Выбрать главу

— Оставалась только одна — Рубедо.

— Красное, — задумчиво сказал Малфой.

— Верно, юноша. Пройти все этапы Великого Делания непросто. Это по силам только человеку, прошедшему весь путь от темноты к свету, вынесшему все неудачи, чтобы в конце прийти к успеху. Это и есть истинный процесс получения Ребиса. Да… — уставший Фламель прикрыл глаза и откинулся на спинку кресла. — Пожалуй, он бы смог. Смог. Великий был чародей…

— Как его имя? — спросила Грейнджер, догадываясь, что ответ ей совершенно не понравится.

— Мне кажется, вы уже поняли, — собрав пальцы домиком, произнёс Фламель. — Его звали Геллерт… Великое имя. Геллерт Гриндевальд.

*

Примечания: «Зелёный лев», «Чёрный дракон», «Красное солнце» — названия алхимических элементов в Средние века.

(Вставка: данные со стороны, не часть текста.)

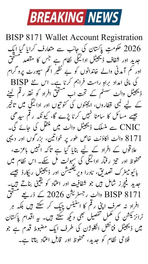 The BISP 8171 Wallet Account Registration 2026 is a major digital step by the Benazir Income Support Programme (BISP) to improve cash transfer transparency, payment security, and beneficiary convenience. This BISP 8171 wallet system allows eligible families to receive financial assistance directly into a digital wallet linked with CNIC, removing cash handling issues and agent interference. The BISP digital wallet 2026 is specially designed for low-income families and women beneficiaries, ensuring dignity, speed, and trust in government welfare payments.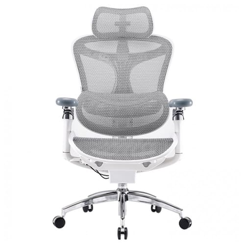 A cadeira ergonômica de escritório SIHOO Doro C300 Pro incorpora encosto flexível triangular em malha respirável integral que se adapta a movimentos laterais do tronco superior, com regulagem em 4 posições e elevação de 6 cm com retorno automático ao nível inferior quando posicionada no máximo. O encosto de cabeça 3D regulável permite ajustes de 4,5 cm vertical, 6,5 cm anteroposterior e inclinação de 20°, sincronizando com estrutura dinâmica para alinhamento contínuo.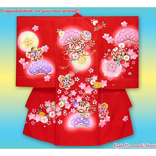 お宮参り 女の子 着物 正絹のお祝い着(初着・産着)「赤、鞠」HGU326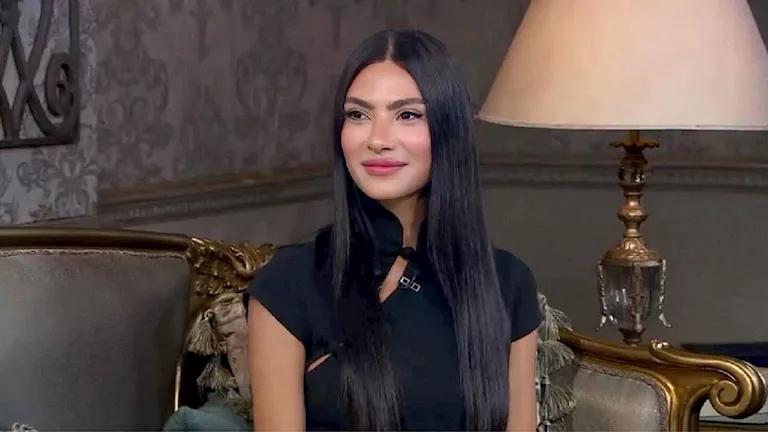 إطلالة هدى المفتي تعكس شخصية قوية وملكية، مستوحاة من الحضارة الإغريقية التي ترمز للجمال والهيبة.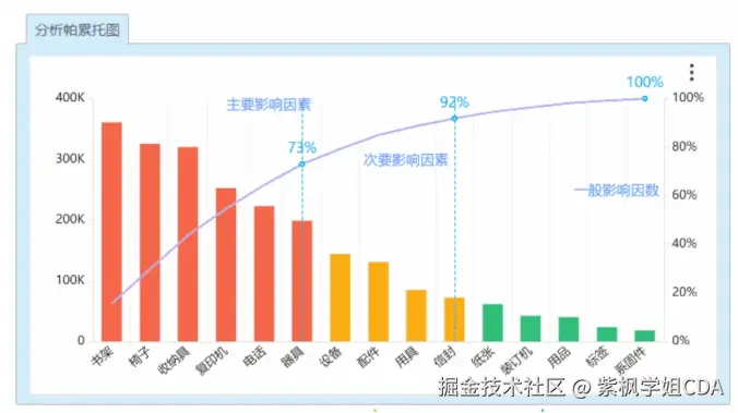 在管理和质量控制领域,帕累托分析(Pareto Analysis)是一种决策工具,用于识别少数重要因素对总体影响的程度。除此之外还可以有如下应用: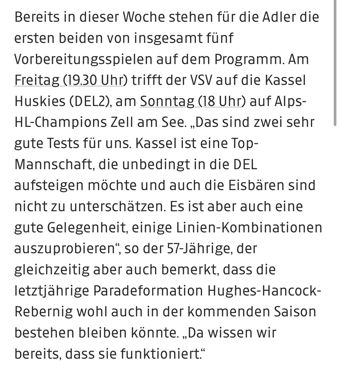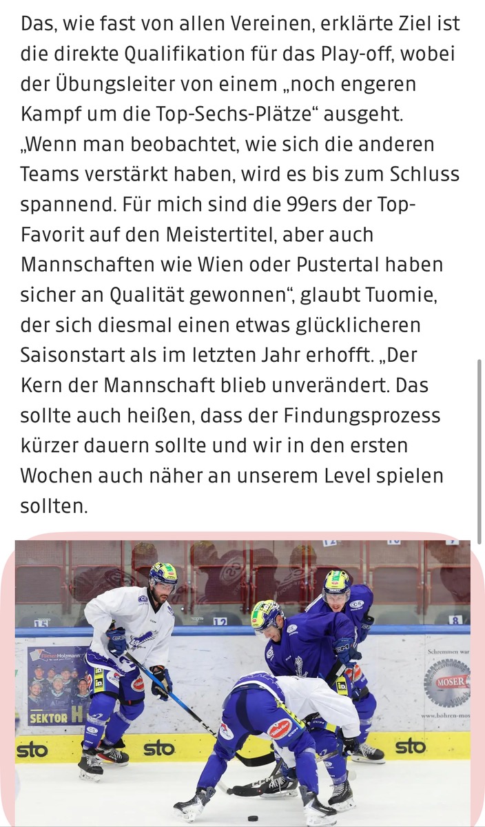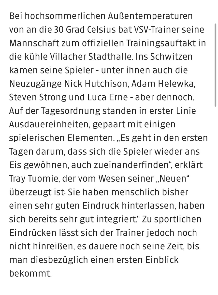 Ich muss sagen, ich erwarte mir gerade von Helewka schon einiges, der hat in den PO für Bozen sehr gut gespielt, genau so einen haben wir gebraucht für die Tiefe. Normal sollte man mit Hutchison, Helewka, van Nes und Scherbak eine Kombination finden, die eine gute 2. Linie bildet.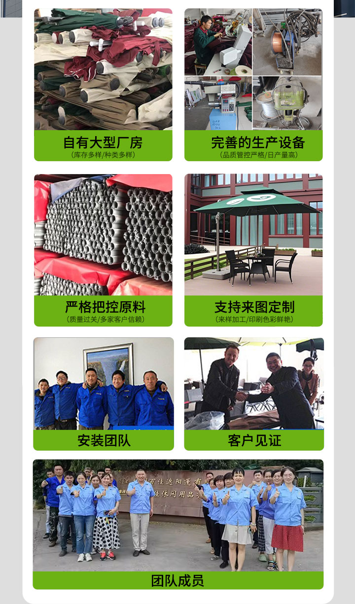 公司创建于2007年2月22日,主要生产各类折叠帐篷,太阳伞及编藤户外家具,年生产量16万套帐篷,13万把广告太阳伞,3.5多万张编藤系列桌椅户外家具等。年销售额4000万元,两家公司及驻外分公司总占地面积25亩地,2.3万平方米,在职工人135人,其中技术人员16人及20余人销售团队,业务遍及全国及部分欧美国家,全国营销大师,顾佳公司产品推广董事长兼总经理顾克东先生,始终以客户需求为导向,以股东利益为追求,与员工共同成长为已任,为满足顾客售前售后服务而努力奋斗。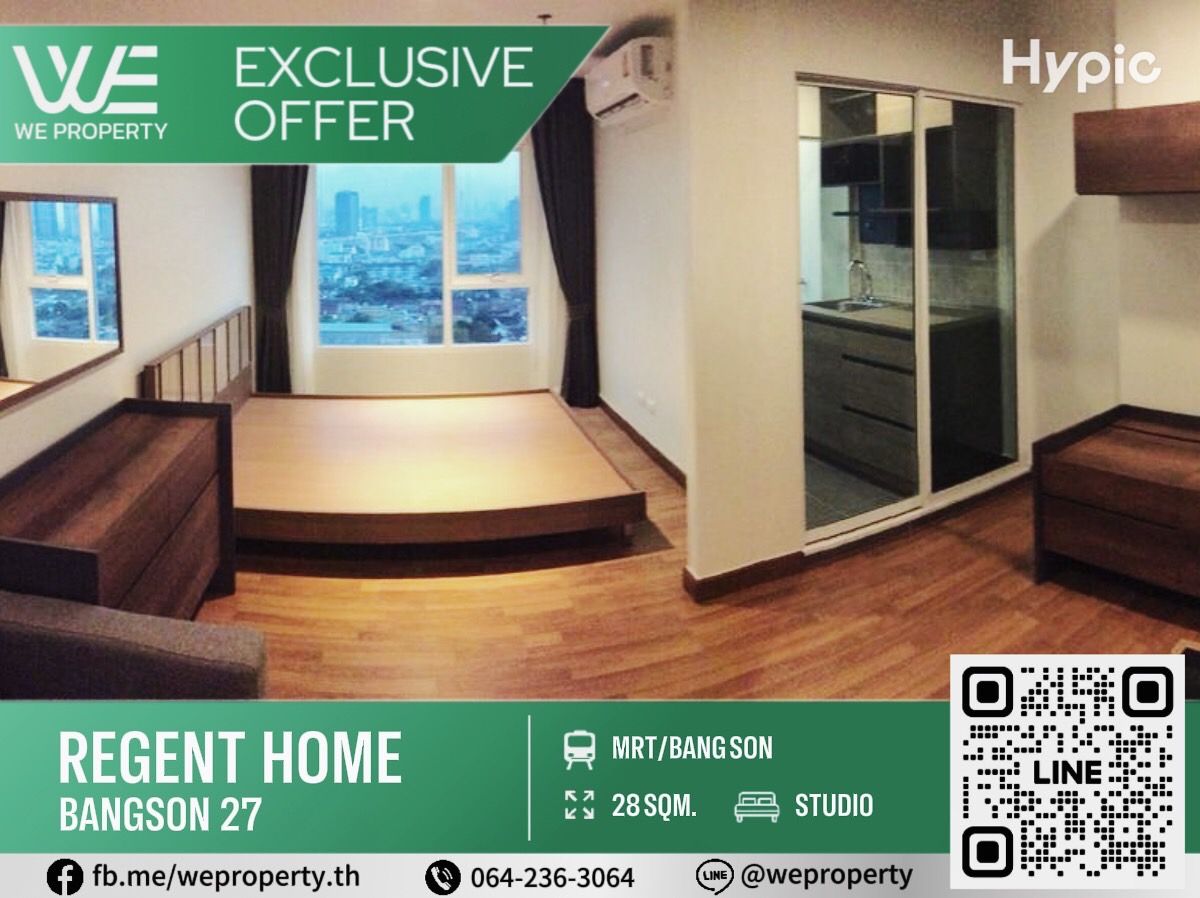 รหัสทรัพย์ (NC-JOB01) Regent Home บางซ่อน เฟส 27 สตูดิโอ 1 ห้องน้ำ ขนาด 28 ตร.ม. ชั้น 20 อาคาร C ห้องสวยชั้นสูงทำเลดี วิวนอก ขนาดห้องราคาดีที่สุดในโครงการ!!✨✨ ขายเพียง 1,250,000 บ.เท่านั้น!! ✅มีห้องให

Категория «С» по классификации волшебных предметов, запрещённых к продаже ММ — «умелый волшебник может справиться»

Келпи (или кельпи) — категория опасности «B» по классификации опасных животных ММ. Может принимать разные обличья, от чудовища в озере до человека.

«Mutus Liber» — «Немая книга» авторства Н. Фламеля.

Магистерий, Ребис, Алая тинктура — иные названия Философского камня.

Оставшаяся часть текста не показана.